Monday, 24 February 2014

Families of MIA soldiers hope for excavation at Vietnam war site in Koh Tang


Potential evidence related to Americans still missing after the final battle of the Vietnam War may lead to extensive excavation efforts on an island off the coast of Cambodia, giving renewed hope to the families of the missing.

A seven-member team of investigators from the Joint POW/MIA Accounting command spent a week investigating two sites on Koh Tang island, where the heaviest fighting took place during the May 15, 1975, battle, Stars and Stripes reports.

JPAC officials last month did not provide specifics about the sites or exactly what was found, but were able to provide enough evidence to bring one of the sites before a JPAC body that decides whether to allocate funding for an excavation.

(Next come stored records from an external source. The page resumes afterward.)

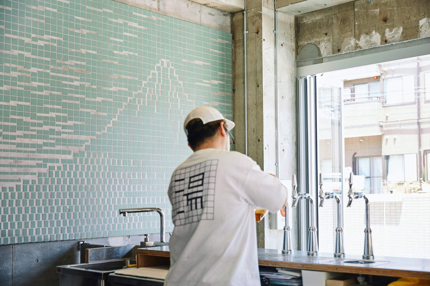 I once vaguely saw tiles pieced together in old public bathhouses in Kyoto and other cities, gradually feeling a sense of dissonance. When I recognized the patterns of different tiles, the moment I said 'Aha', I wanted to do something similar. We have customized three sizes of square tiles: 47x47mm, 97x97mm, and 47x97mm, and arranged them alternately as cleverly as possible.
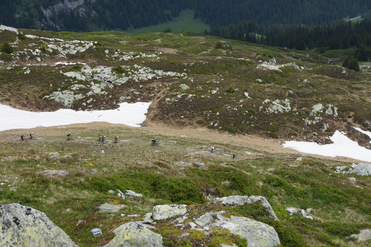 Alex and I signed up for a race event in Flims Laax. The event were three different races on three days. It started with a night race on Friday night, a short fairly technical race with stunts on Saturday and a downhill race on Sunday. It was good fun but we recognized that we got a bit too old for that stuff and we do enjoy normal riding in the nature without another hundred dudes a bit more.
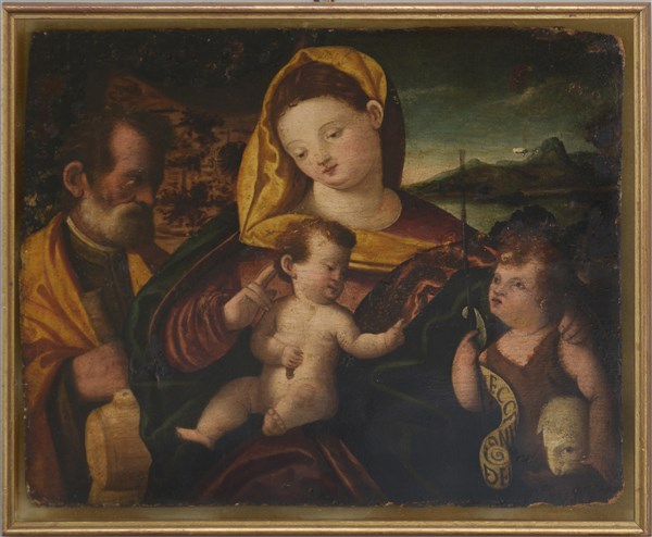 Scuola veneta "Sacra Famiglia con San Giovannino" antico dipinto ad olio su tavola (cm 50x64 circa). In cornice a teca
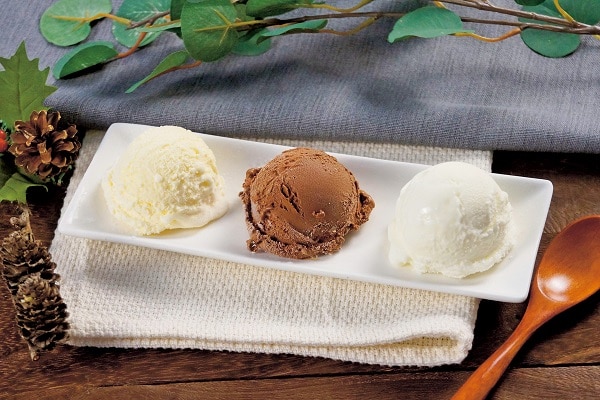 北海道産牛乳を使用した濃厚なプレミアムバニラ。チーズの程よい酸味を活かしたクリームチーズ、ちょっぴりビターなチョコの3種類のセット。

Only solid cases with evidence of Americans' remains are brought before the board, and family members of the missing soldiers say this may be the chance for their loved ones' remains to come home.

Daphne Loney, whose brother Marine Lance Cpl. Ashton Loney was killed in an ambush during the battle, said she hopes it's a possibility his remains will be found.

"My brother was very dear to my heart," she told Stars and Stripes. "I thought no one really cared about Ashton . . . I want his bones to come back to American soil. It was the country he fought for."

While investigating the island in September, the JPAC team inspected a site on its east beach and another on its west beach, said Army Maj. Jamie Dobson. In addition, the officials interviewed witnesses from the battle.

The JPAC excavation decision board will get the information and use it to determine if an excavation is warranted.

But even if the excavation is approved, it may take some time before digging begins. Such sites can stay on the approved list for years, families of the missing have complained, and Dobson did not say when the board would convene to hear the case or start the excavation.

There may not be much time, though. Developers plan to turn the island into a resort, although it's not clear now how the construction plans could affect JPAC's decision.

The battle, referred to as the "Mayaguez Incident," killed 15 service members. Another 23 Air Force personnel died in a support force crash in Thailand, and three Marines were left behind on the island and killed by their captors. The bodies of Loney, Air Force Staff Sgt. Elwood Rumbaugh, who was lost at sea; and the three Marines left behind — Pfc. Gary Hall, Lance Cpl. Joseph Hargrove, and Pvt. Danny Marshall — are the only remains that have not been found.

In 2012, Em Son, the Khmer Rouge commander of the island during the battle, told Stars and Stripes that he discovered Loney's body wrapped in a poncho and left on the beach, and he had him buried nearby.

But there are some who doubt Son, because he was arrested by a Cambodian tribunal looking into Khmer Rouge atrocities.

Son told Stars and Stripes he executed Hargrove and saw him, Hall, Marshall, and Loney be buried. However, Son has not disclosed their potential burial sites, said JPAC, although he insists that he has shown investigators the sites and American remains were found.

There remain questions about JPAC's investigations, as well. Stars and Stripes reported receiving documents that include accusations that JPAC did not fully record their work on the island.

But remains were found on the island during another investigation, held in 2008, and Deputy Assistant Secretary of Defense for POW/Missing Personnel Affairs Charles Ray said last month the remains were "probably Caucasian."